[Entries taken from a collection]

<<<<

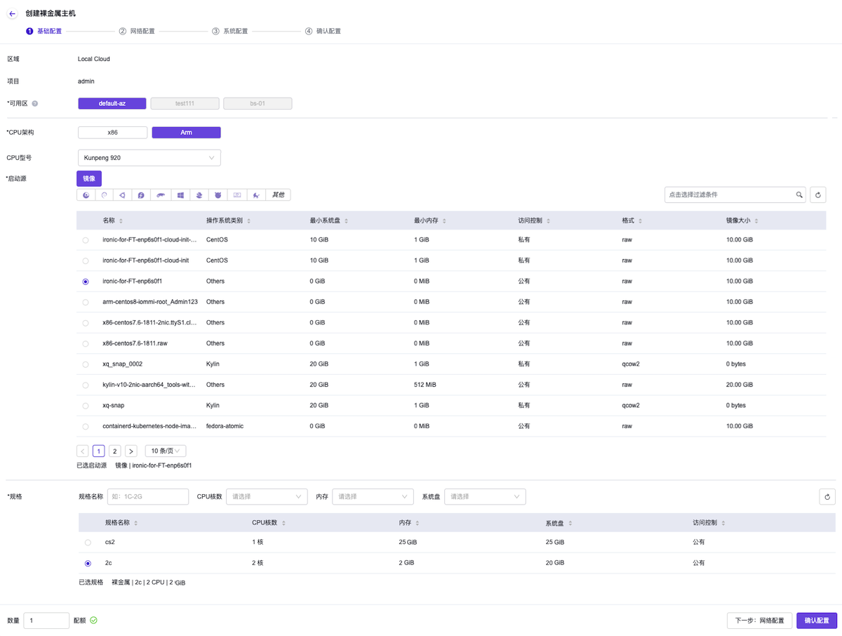 当可用区中无可用裸金属节点时,该可用区将无法被选择。当所有可用区均无法被选择时,当前配置页面的镜像和规格信息将显示为空。
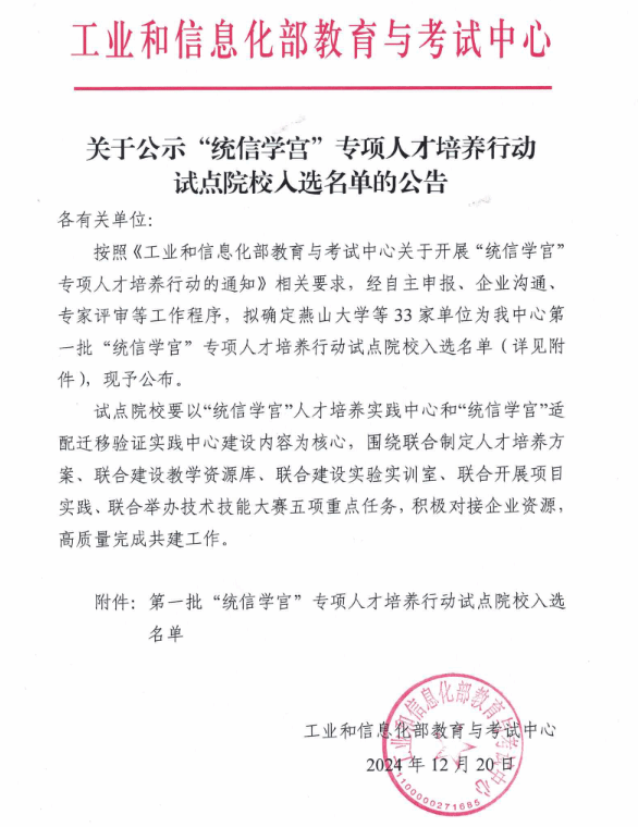 近期,工业和信息化部教育与考试中心“统信学宫”专项人才培养行动试点院校名单正式公布,齐鲁师范学院入选“统信学宫”人才培养实践中心共建项目。
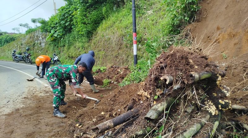 Wonosobo – Longsor menutup sebagian bahu jalan di Desa Kreo, Kecamatan Kejajar, Kabupaten Wonosobo, Jawa Tengah, Kamis (5/12/2025) dini hari. Babinsa Koramil 05/Kejajar Serka La Majid Buton langsung sigap membantu warga membersihkan material longsor agar akses jalan tetap bisa dilalui kendaraan.
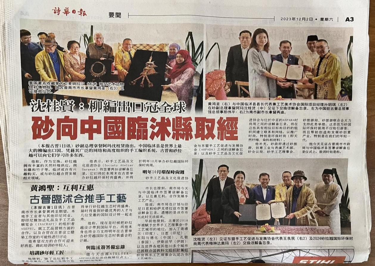 论坛期间,中国工艺美术协会国际项目经理孙玥琪代表我县与古晋市签署了《世界手工艺理事会手工艺城市合作备忘录》并作题为“临沭柳编-编织世界”演讲,推介我县柳编产业的先进生产和管理经验,打造生态产业的优势。沙捞越州副总理沈桂贤、中华人民共和国驻古晋总领事邢伟平、古晋市副市长再迪苏海里见证签约。通过签署合作备忘录,古晋市与我县将本着互利的原则,通过文化和教育交流,共同促进手工艺产业提升和发展,在研究、创新和经济举措等手工艺相关活动中开展合作。
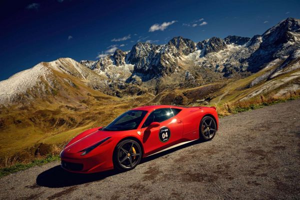 En fantastisk röd Ferrari 458 Italia står parkerad mot ett hisnande bergslandskap med snötäckta toppar och gröna sluttningar. Den djupa blå himlen och den karga omgivningen kontrasterar vackert med elegansen och hastigheten hos denna ikoniska italienska sportbil.
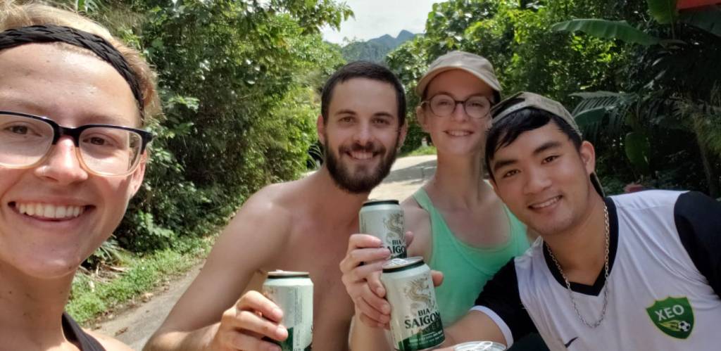 Une expérience hors du commun, vécue avec une équipe de choc. Avec nous, une autre touriste venue des Etats-Unis. Garde forestière dans le Montana, elle en connaissait un paquet sur la faune, la flore et ses dangers. Et notre guide, surnommé Messi. Au-delà de prendre soin de nous, il nous a permis d’en connaître un peu plus sur la vie des jeunes de la campagne vietnamienne : ses études de médecine avortées pour venir en aide à sa famille, les postes que lui ont ouvert l’apprentissage de l’anglais, sa ferme intention de mettre de l’argent de côté pour ouvrir une maison d’hôte, son regret de n’en avoir toutefois sûrement jamais assez pour acheter une voiture et aller voir un match de Manchester United, son récent mariage du haut de ses 25 ans, la possibilité d’enfin pouvoir habiter avec sa femme, son statut de cadet lui imposant de vivre toujours auprès de ses parents, sa volonté d’avoir très vite des enfants pour monter une équipe de foot, etc.
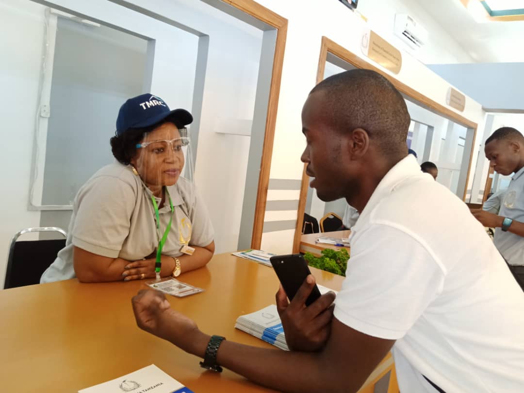 | Bw. Ephraim Madembwe Mchambuzi Mwandamizi Mifumo ya Fedha Benki Kuu ya Tanzania BoT akiwapa elimu wananchi waliotembelea banda la benki hiyo kuhusu hati fungani kwenye maonesho ya 45 ya Biashara ya Kimataifa ya Dar es Salaam kwenye viwanja vya Julius Nyerere maarufu Sabasaba barabara ya Kilwa jijini Dar es Salaam leo Julai 06, 2021. |
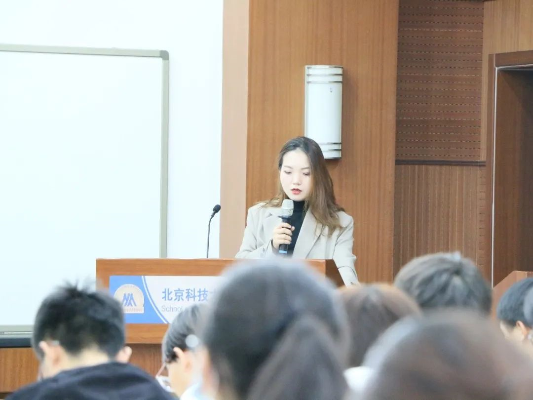 接下来是学长学姐分享经验环节,花卉学姐有着丰富的竞赛经验,从冬奥科普体验系统到区块链工程管理项目,新奇的技术和满目的奖项让同学们眼前一亮。针对同学们关注的组队问题,花卉学姐进行了更详细的介绍,鼓励同学们通过关注公众号、学院双选会、社会实践项目和SRTP项目的转化,来不断参与到创新创业竞赛当中。作为过来人,学姐为同学们讲述了自己参加竞赛的心得体会,介绍了具借鉴意义的案例,阐述经管学子在撰写商业计划书和PPT制作等方面的优势,鼓励大家积极参与。
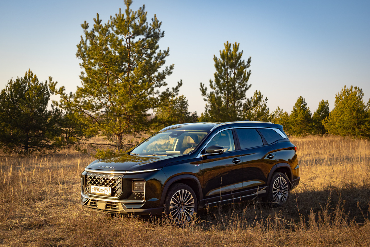 Наш китаец — близкий родственник Jetour X90 Plus. Платформа общая с Tiggo 8, Exeed VX прошлого поколения. Дизайн автомобиля запомнить непросто, каких-либо черт, указывающих на фирменный стиль, тут нет.

>>>>

What the exercise asks:
Your output should consist solely of the lines from the line containing "接下来是学长学姐分享经验环节" through the end of the data above, copied exactly, with images removed.

Response area:
 接下来是学长学姐分享经验环节,花卉学姐有着丰富的竞赛经验,从冬奥科普体验系统到区块链工程管理项目,新奇的技术和满目的奖项让同学们眼前一亮。针对同学们关注的组队问题,花卉学姐进行了更详细的介绍,鼓励同学们通过关注公众号、学院双选会、社会实践项目和SRTP项目的转化,来不断参与到创新创业竞赛当中。作为过来人,学姐为同学们讲述了自己参加竞赛的心得体会,介绍了具借鉴意义的案例,阐述经管学子在撰写商业计划书和PPT制作等方面的优势,鼓励大家积极参与。
 Наш китаец — близкий родственник Jetour X90 Plus. Платформа общая с Tiggo 8, Exeed VX прошлого поколения. Дизайн автомобиля запомнить непросто, каких-либо черт, указывающих на фирменный стиль, тут нет.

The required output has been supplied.